Vatan ve Hürriyet (Turkish for "Motherland and Liberty") was a small, secret revolutionary society of reformist officers opposed to the autocratic regime of Ottoman sultan Abdul Hamid II in the early 20th century. It was started as an expansion of the Vatan Cemiyeti ("Motherland Society") in Thessaloniki by the future founder of the Republic of Turkey, Mustafa Kemal Atatürk and Mustafa Cantekin while Mustafa Kemal Atatürk was secretly staying in Thessaloniki with his mother Zübeyde Hanım during his exile in Damascus in 1906. The members of the society included Ömer Naci Soykan and two of his teachers from military school.

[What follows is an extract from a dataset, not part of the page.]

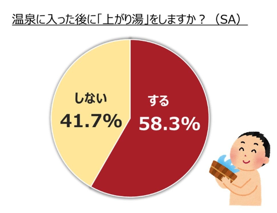 「温泉に入った後に上がり湯をしますか?」という質問に対しては、上がり湯を「する」と回答した方が58.3%、「しない」と回答した方が41.7% という結果となりました。「する」派からは、「菌や汚れが気になる(30代女性)」「温泉成分を体に残したくない(60代女性)」 と、肌を最後にリセットしたいという声がある一方、「しない」派からは「必要性を感じない(20代男性)」「温泉成分を残しておきたい(40代女性)」「習慣にない(50代男性)」という声があがりました。

Vatan Cemiyeti was founded in Damascus earlier in 1906 by, then a military officer, Mustafa Kemal Atatürk, Müfit Özdeş, Hacı Mustafa and two more of their officer friends. The mission of Vatan Cemiyeti was to successfully carry out the liberal revolution and materialize the ideals of the founders. This society was the pioneer of many more liberal revolutionary societies to come.

Later in 1907 Vatan ve Hürriyet merged with İttihat ve Terakki and Mustafa Kemal Atatürk was left behind by the movement while he was back in Damascus.